Jason Feifer (19:35):  And she realized that, you know what her value is not. She called it her core truth. To me, she’s like my core truth is not being on television. My core truth is being a truth teller to people that I, I, I, I, I speak to people in a way in which I reach them. And I talk about the things that they care about and that they’re uncomfortable with and that they need someone to guide them through. And I did that on television. And I can do that as the CEO of a company too, because that’s exactly what the CEO of a company should do is they should understand their audience and they should know how to serve them. And they should be unafraid of engaging with them in ways that are going to be most valuable to them. Even if it’s a little uncomfortable, that is my truth. And that is what enabled her to then become the owner of this company. That’s what she’s now doing. And I love that moment because Stacy went from doing one thing to a completely different thing. And what she ultimately needed to do was identify this thing that is so core to her. So core that a million different opportunities could bloom from it. The more that you really zero in on and identify what your core value is, the more that you can pivot around it without ever feeling lost.

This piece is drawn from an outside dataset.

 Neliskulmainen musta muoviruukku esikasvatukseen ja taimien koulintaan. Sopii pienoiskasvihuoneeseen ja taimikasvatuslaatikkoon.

Kristen Boss (20:47):  You know what, that’s part of my story too. I was a hair stylist for 15 years and I was, I was on the path to doing like runway work and editorial and fashion work. And I was a great, like, technically a fantastic and great stylist, 15 years, but it got to the point where I’m like, what are my core values? What, what translates across, you know, I’m like, I’ve been listening to people for 15 years telling me, literally people tell their hair, stylists, everything. I used to have a joke being like how we are not subpoenaed in more criminal course cases. I do not know because we, the things we know.

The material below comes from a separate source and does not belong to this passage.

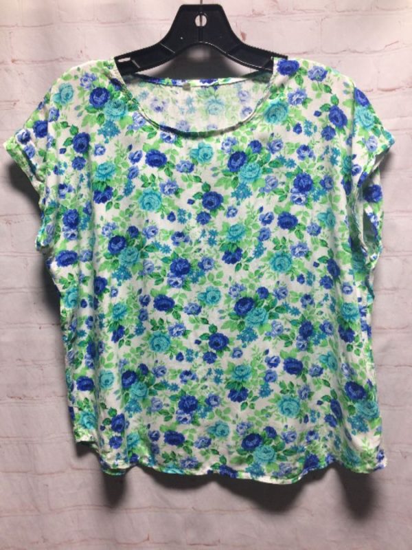 TOP, RAYON, PULLOVER, CAP SLEEVES, FLORAL PRINT DESIGN, WHITE/GREEN/DARK/BLUE/TEAL, SIZE S

Kristen Boss (21:19):  Yeah. We, we know it all. We know it all. We are the first to know pregnancies, all those things. And so, but I was like, I listen to people, people come to me for insights and for direction, and I motivate people. And so of course it made sense where I became a podcaster, an author, a speaker, and a coach. It was what I was, it was still the core values and the core skills of like, I understand humans, I understand their, wants their desires, their needs. And speaking to that, and I don’t, I’d be curious if you do this, but I do it quite often. Sometimes I just strip away, like, okay, if I couldn’t coach, if I couldn’t podcast and I couldn’t write, what would I do? And like taking away everything I know, and always kind of going through mental exercises, like if it all went away, what would I do? And what skills do I still have? And it’s actually, I think it keeps me sharp and innovating all the time.

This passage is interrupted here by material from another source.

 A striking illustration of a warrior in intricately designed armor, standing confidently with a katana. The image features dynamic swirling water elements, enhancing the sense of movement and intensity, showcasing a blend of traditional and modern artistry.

Jason Feifer (22:07):  So I, I do do that. And I actually came up with a little exercise to help myself. So I’ll tell you what it is. Yeah. So I, you know, I, I started as a newspaper reporter. That was the first job I had out of college. I loved it. I always wanted to be a newspaper reporter. People said, people come up to me at a party. What do you do? I’m a newspaper reporter. But eventually I came to realize that being a newspaper reporter a lot of things that are bad about it, the hours suck, but also newspaper is not stable. And yet I, I, I had this crisis in which I thought, well, if I’m not working at a newspaper that I’m not a newspaper reporter, and then what am I right? Like if you identify too closely with basically the output of your work, then if the output of your work changes, then you lose your identity.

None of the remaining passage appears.